Arsenal chairman Sir Chips Keswick and CEO Ivan Gazidis believe the club is in rude health both on and off the pitch after the latest financial figures, for the year ended 31 May 2014, were released.
Stressing that there remains much work to be done, Gazidis heralded last May’s FA Cup triumph – the 11th in the club’s history – as a major stepping stone in returning Arsenal to the top of the pile both domestically and in Europe.
“The club is in excellent shape, both on and off the pitch,” Gazidis told Arsenal.com. “We are proud of our 11th FA Cup success and the reward this represents to our fans in the Arsenal community around the world.
“There is always more to do and, whether investing in the team or in training facilities which will provide long-term benefit to the club, our guiding principles are the same and our focus is clear, on delivering more on field success.
“This remains the shared ambition of our majority shareholder, Stan Kroenke, the board and everyone connected with the club. We are well placed to deliver against those ambitions.”
Pleased that the club have been able to reinvest significant funds in five new signings this summer, Gazidis also preached that Arsenal’s commitment to youth development remains unwavering with further cash being ploughed into an upgrade of facilities at Hale End and London Colney and extending the scouting network.
“I must stress that our long held philosophy, to identify and develop young players, remains key to our future. With this in mind Andries Jonker has succeeded Liam Brady as our Head of the Youth Academy. Andries joins us from Vfl Wolfsburg and has an outstanding track record of developing young talent. He established the Dutch FA’s world renowned youth development programmes and he will bring this expertise to bear as we build on Liam’s outstanding legacy of the past 17 years.
“We are also putting significant financial investment into our youth development activities. The first phase of extensive refurbishment work has been completed to our facilities at Hale End and work on a second phase is well underway. We are investing in new staff and looking at the very latest techniques in sports science and physical development.
“We are also looking to strengthen our global scouting networks to ensure we find the very best young talent in the game. This is important to our long-term success and it is a policy we will continue to pursue vigorously.

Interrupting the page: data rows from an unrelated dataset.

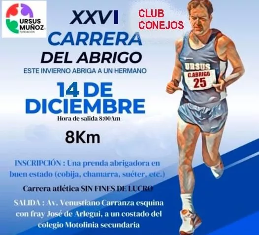 El próximo 14 de diciembre a partir de las 8:00 horas se realiza la Carrera Atlética “Del Abrigo – Ursus Muñoz”, de 3 y 8 kilómetros, que tiene como objetivo recaudar ropa abrigadora.
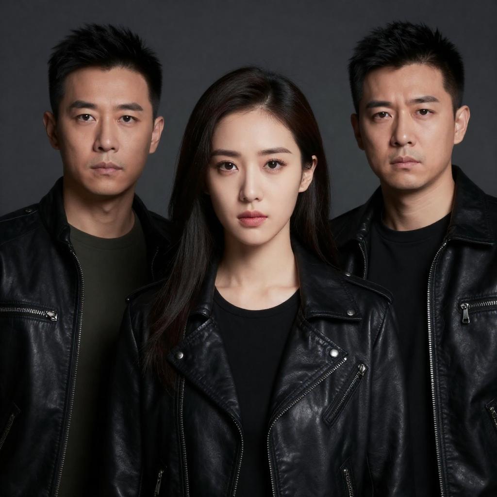 Photograph of four people standing against a blue, radial gradient background with technical symbols. Central woman with long dark hair, green and white patterned shirt, and gray cardigan, serious expression. To her left, man in black tie and white shirt, neutral expression. To her right, man in blue denim jacket, dark shirt, holding binoculars, intense expression. Far left, man in black shirt and sunglasses, relaxed expression. All standing, facing forward.
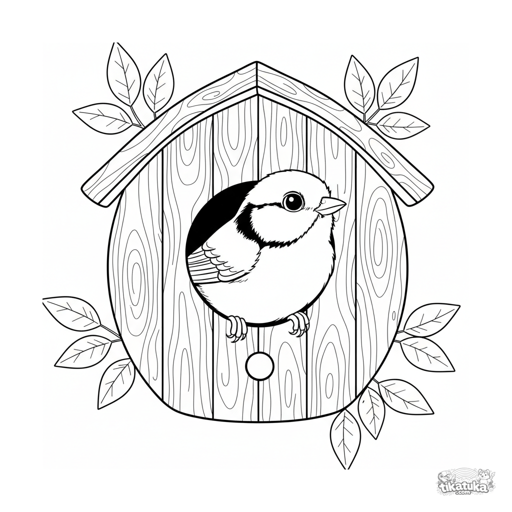 Página para colorir para crianças 7-9: um chapim curioso a espreitar pelo buraco redondo de uma casa de pássaros de madeira. Ilustração detalhada.

“Investments are also being made in people and infrastructure at our London Colney training centre. We are putting forward plans for improvements which will take us to the next level in terms of fitness and preparation facilities and I look forward to work getting underway in 2015.”
Revealing that gross turnover had increased to over £300 million – thanks predominantly to an increase in funds from the sale of TV rights and the renewed partnership with Emirates – Sir Chips added:
“Our revenues have exceeded £300 million, underpinned by TV and the significant progress made on our commercial agenda, and our improved financial position has allowed us to supplement the squad with important new signings. Our ambition is to put Arsenal Football Club at the pinnacle of the game here and in Europe. We all want to savour a repeat of the joys of last May.”
- Group profit before tax was £4.7 million (2013 – £6.7 million).
- The group’s total turnover amounted to £301.9 million (2013 – £280.4 million).
- Turnover from football increased to £298.7 million (2013 – £242.8 million) driven mainly by Premier League broadcasting, the FA Cup run and commercial activity including a full year of the Club’s extended partnership with Emirates.
- Taking account of increased costs, principally wage costs, operating profits (before depreciation and player trading) from football increased to £62.1 million (2013 – £25.2 million).
- Wage costs of £166.4 million (2013 – £154.5 million) represented 55.7% of football revenue (2013 – 63.6%).
- Profit on sale of player registrations was reduced to £6.9 million (2013 – £47.0 million).